How to use Logits output type?

Hi, I’m trying to do speech to text using this model

The output shape of this model is shown in Unity as logits index : 2598
Would you be able to guide me how to use this output and obtain string result?
I’m using Unity 6000.0.23f1 and Sentis 2.1.0.

Thank you for help!

1 Like

Looking at the code,

inputs = processor(batch["speech"], sampling_rate=16000, return_tensors="pt", padding=True)
with torch.no_grad():
        logits = model(inputs.input_values.to(device)).logits
pred_ids = torch.argmax(logits, dim=-1)
batch["pred_strings"] = processor.batch_decode(pred_ids)
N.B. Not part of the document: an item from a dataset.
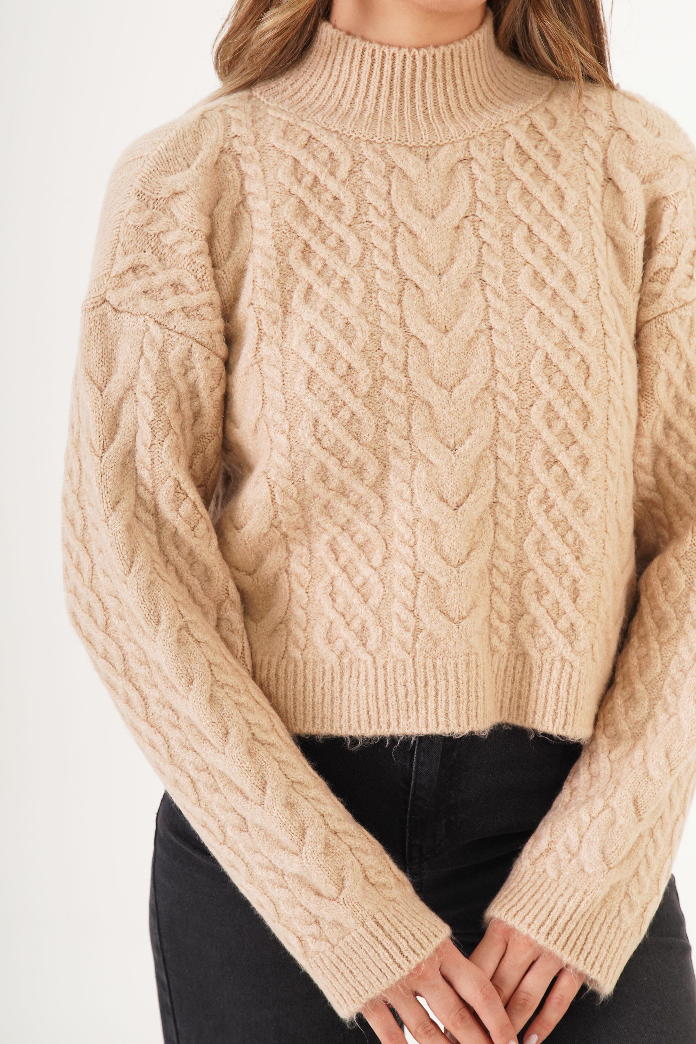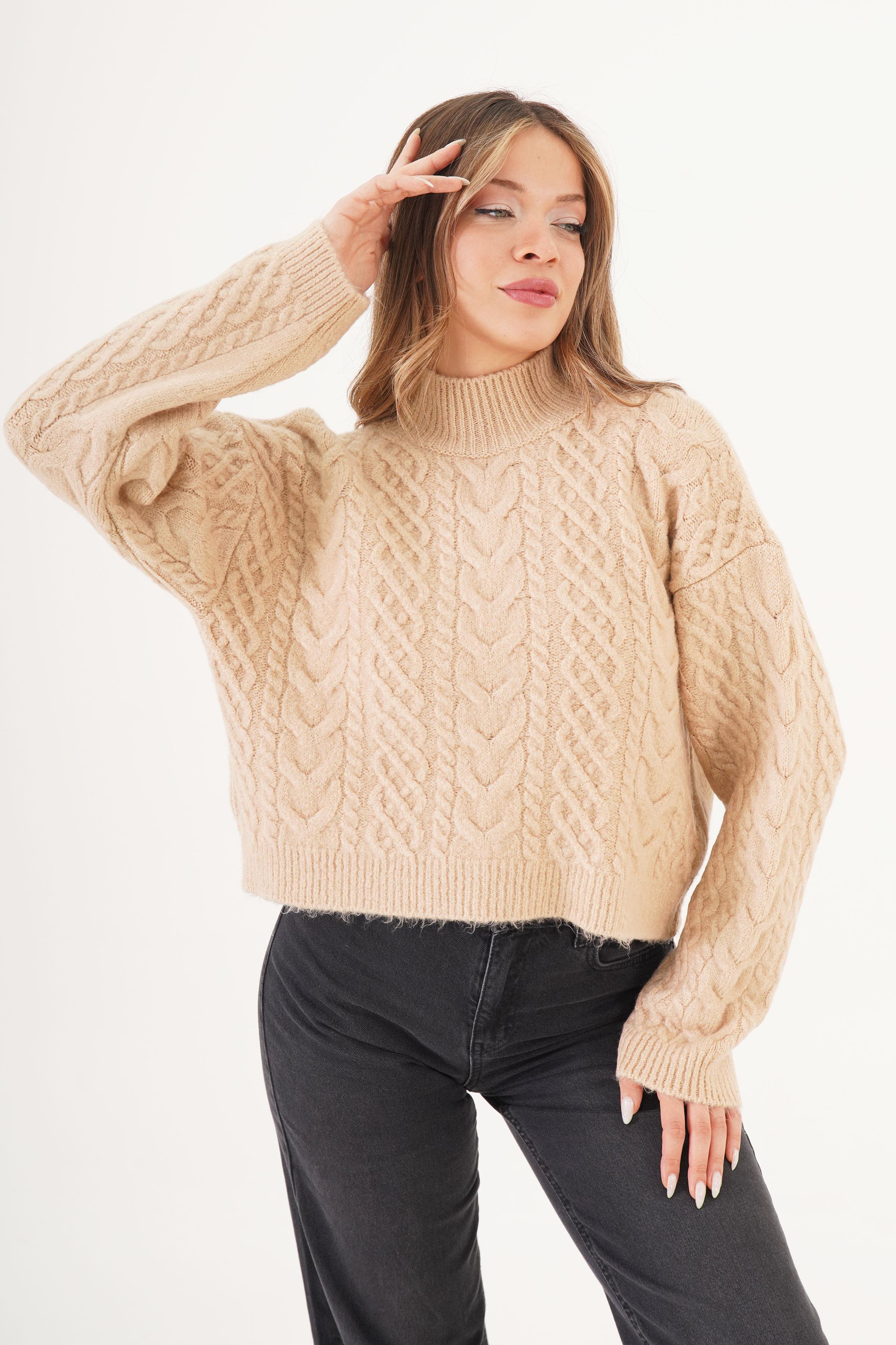 Sarmal Örgü Desenli Triko Krem Toptan Kazak

you can see that the magic of converting too and from tokens to string is happening in the processor.batch_decode

1 Like

Then digging into what that processor.batch_decode does lead me to

(you can follow the path by going on transformers/src/transformers/models/wav2vec2/processing_wav2vec2.py at 96f67c068b43ef209f1d230d2eda4f1ab27b7550 · huggingface/transformers · GitHub ect…
But at the end of the day it looks like you have to re-code that convert_tokens_to_string
Which uses a dictonary that is loaded in https://github.com/huggingface/transformers/blob/96f67c068b43ef209f1d230d2eda4f1ab27b7550/src/transformers/models/wav2vec2/processing_wav2vec2.py#L33

1 Like

I know it seems like a lot of work, but it boils down to reading from a dictionary, you can check out our whisper/phi2 example on hugging face for help.
Let me know if you have any questions!

1 Like

Ah yes I see that there is vocab.json which is basically the dictionary for converting int to letter.
Thank you for the quick reply and detailed explanation!

1 Like

Yes!
Do double check what dictionary is being used in the wav2vec2 tokenizer right. It could be the same or could be a bit different. So worth digging into it to see if there is a diff

2 Likes

I successfully ran the model.
Thank you for your help!

1 Like